The heat wave in Antarctica was first reported by The Washington Post on Friday. Temperatures in parts of Eastern Antarctica have been around 70 degrees Fahrenheit above average for three days. This means that instead of a chilly minus-50 or minus-60 degrees Fahrenheit, they have been a relatively balmy zero or 10 degrees Fahrenheit.

This has led to broken records. At Vostok, in the middle of the eastern ice sheet, temperatures reached zero degrees, a record high for the month of March. High temperatures during the month are usually around negative 63 degrees Fahrenheit. At Concordia research station, temperatures reached an all-time high of 10 degrees Fahrenheit. The average high for March there is negative 56 degrees Fahrenheit. The Antarctic continent on Friday was about 8.6 degrees Fahrenheit above its baseline temperature from 1979 to 2000, AP News reported. 

“It is impossible, we would have said until two days ago,” researcher Stefano Di Battista tweeted. “From today (March 18) the Antarctic climatology has been rewritten.”

In the Arctic, meanwhile, unusually warm temperatures were recorded in Greenland and Franz Josef Land, while records were breached in Norway, The Guardian reported. Overall, the region was six degrees Fahrenheit warmer than the 1979 to 2000 average on Friday, AP News reported.

Experts say that the Antarctic heat wave is not necessarily due to the climate crisis, but instead a simple anomaly. However, if incidents like this repeat, that calculation may change. 
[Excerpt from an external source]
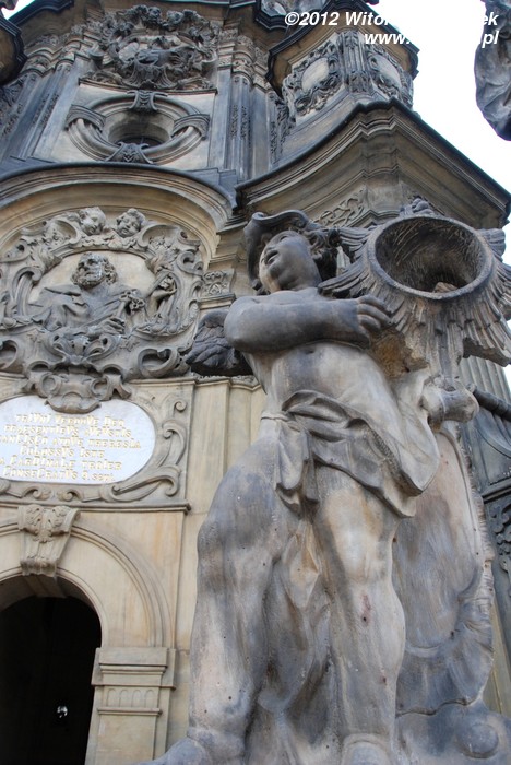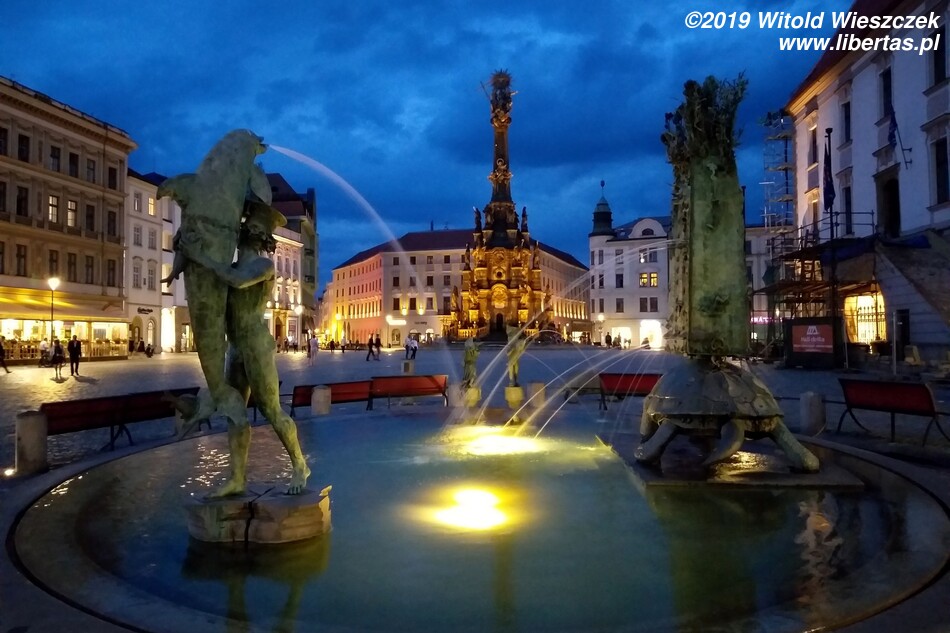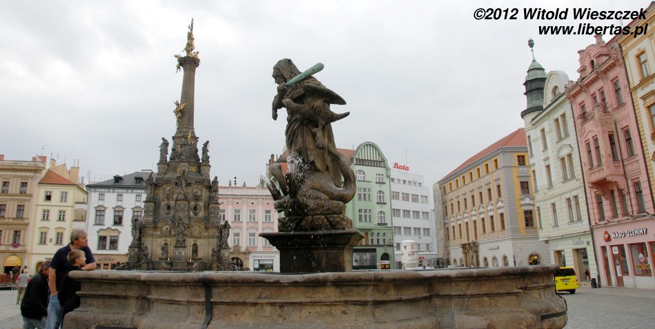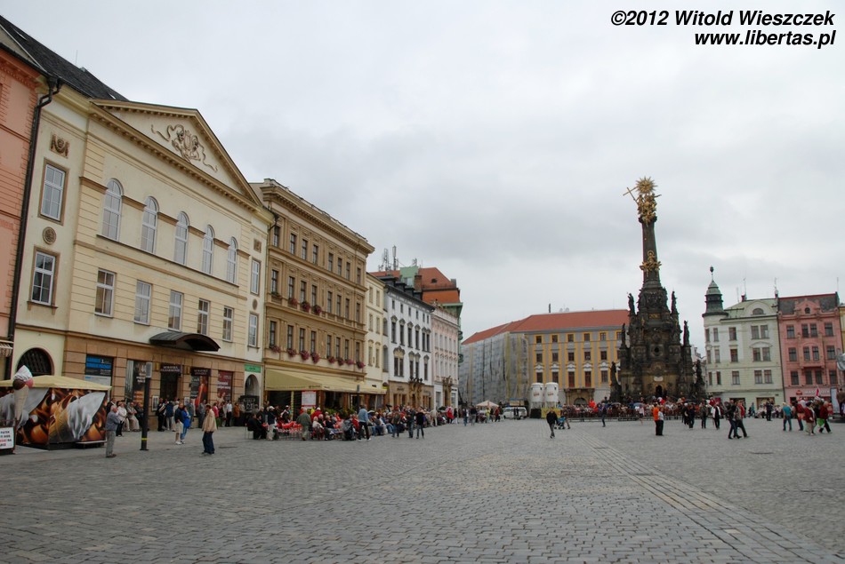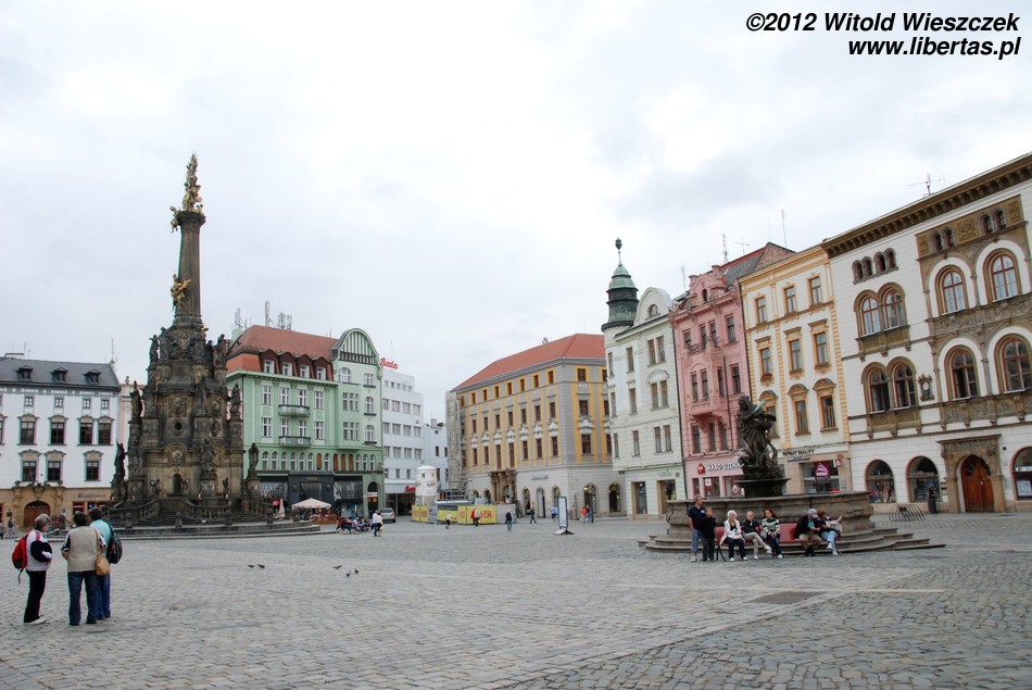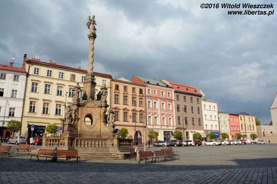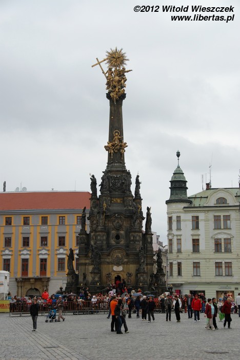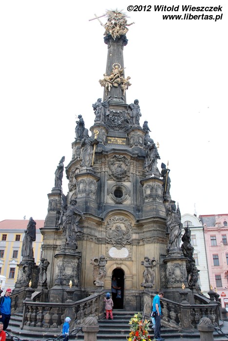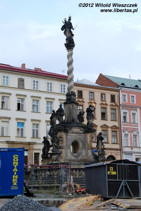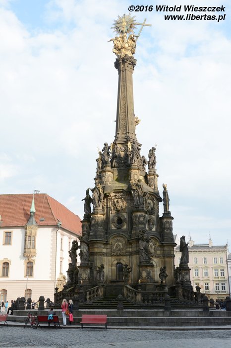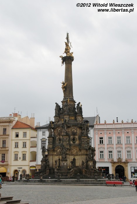 Wzniesiona w latach 1716–1754 Kolumna Trójcy Przenajświętszej zbudowana została na planie koła o średnicy około 17 metrów i ma 35 metrów wysokości, czym zdecydowanie zwraca uwagę każdego wchodzącego na Rynek turysty. W jej budowie brali udział wyłącznie artyści z Ołomuńca, a autorem ogólnej koncepcji był architekt i kamieniarz Wacław Render, który na początku również kierował budową prowadzoną – dodajmy – z własnej kieszeni. Na ten cel zapisał on zresztą również cały swój majątek. Jest to największa tego typu barokowa grupa rzeźb w Europie Środkowej, a jej bogata dekoracja składa się z 18 posągów świętych, 12 figur niosących światło (lucyferów) oraz wielu płaskorzeźb w tym przedstawiających 12 apostołów.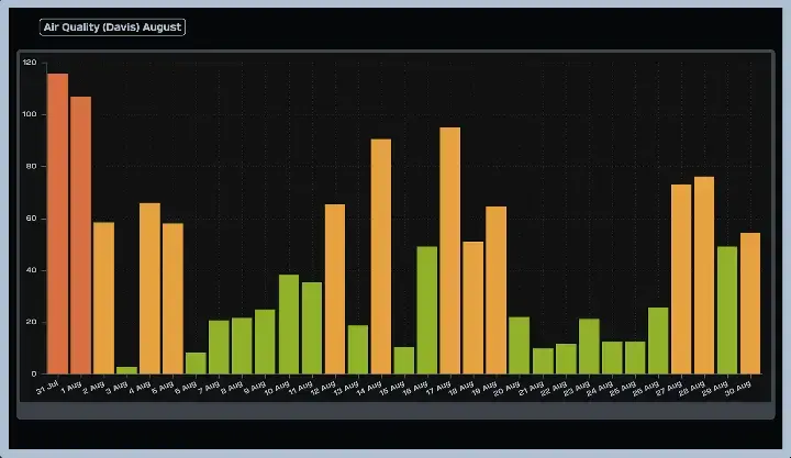 In augustus varieerde de luchtkwaliteit in Tielt aanzienlijk. De maand begon met hoge vervuilingsniveaus, met een piek op 1 augustus, waarbij de luchtkwaliteitsindex (AQI) meer dan 100 bereikte. Gedurende de eerste week daalden de waarden geleidelijk, maar er waren meerdere dagen met matige vervuiling. Halverwege de maand was er een verbetering, met meerdere dagen waar de luchtkwaliteit als goed werd beoordeeld (groene balken). In de tweede helft van de maand waren er opnieuw pieken, vooral op 15, 18, 28 en 29 augustus, waarbij de AQI weer boven de 80 uitkwam. De maand eindigde met matige luchtkwaliteit.

“Not a good sign when you see that sort of thing happen,” University of Wisconsin meteorologist Matthew Lazzara told AP News. 

There are several local weather phenomena immediately responsible for the Antarctic warming, The Guardian reported, including strong winds from Australia and an atmospheric river. 

“These are rivers of moisture in the air that bring warm and moist air to certain locations, and there was a really significant one occurring in that region over Antarctica,” Monash University climate scientist professor Julie Arblaster told The Guardian.

However, Université Grenoble Alpes in France polar meteorologist Jonathan Wille told The Washington Post that climate change may have “load[ed] the dice” to make this atmospheric river event more likely. He is currently studying whether the climate crisis might make atmospheric rivers more frequent or intense. 

“We do believe they will become more intense because it just simple physics… but the details, we’re still trying to figure that out. It would be very difficult to say that there’s not a climate change fingerprint on an event like this,” he told The Washington Post. 

The Arctic is already warming two to three times faster than the global average because of the climate crisis, AP News noted. There is also currently warm Atlantic air coming off of Greenland.